If it sounds like Sky’s drowning on the track, there’s reason: the inspiration is watery – lakes, specifically.

“Lakes kind of terrify me…in a lake, by yourself, you look at the bottom and it’s murky and still and you can’t really see anything or feel anything—and if you do, it’s fucking terrifying. It always feels like something will grab you and pull you under,” she told Pitchfork.

She also compared the process of creating the increasingly chaotic track to Fantasia: “You know how all the brooms are making a gigantic mess and the water starts rising and rising and rising and rising? It was sort of like that: Magical, but at the same time, ‘What is going on?’ And then cleaning it all up.”

Is “Downhill Lullaby” a single? Not in the traditional sense. Cannot say it’s a “bop,” no. Won’t be played on radio! It is undeniably a bold choice for a first taste of new, non-feature, non-cover Sky Ferreira music in six years, for sure.

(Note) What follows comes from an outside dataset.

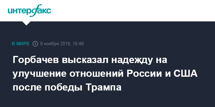 Горбачев высказал надежду на улучшение отношений России и США после победы Трампа

And while the production is really gorgeous and intricately crafted (she detailed her maddeningly long approval process for songs in that Pitchfork profile, and it shows), the song plays more like a soundtrack offering than a standalone serving. There will undeniably be some backlash for opting to take the obtuse route after all these years.

But then, there’s still Something About Sky that draws me in, even when she’s at her most abstract and un-singalong-able.

“Downhill Lullaby” is an intriguing way to begin. I like that she’s setting the tone of this record, on her own terms. And besides, she’s promised “more poppy” things to come on Mashochism in that same Pitchfork interview: “It’s very big, but also very violent…but not all the songs are super-dark.”

I’ve waited this long. I can wait even longer for the “more poppy” stuff to surface. I suppose that’s the masochist in me.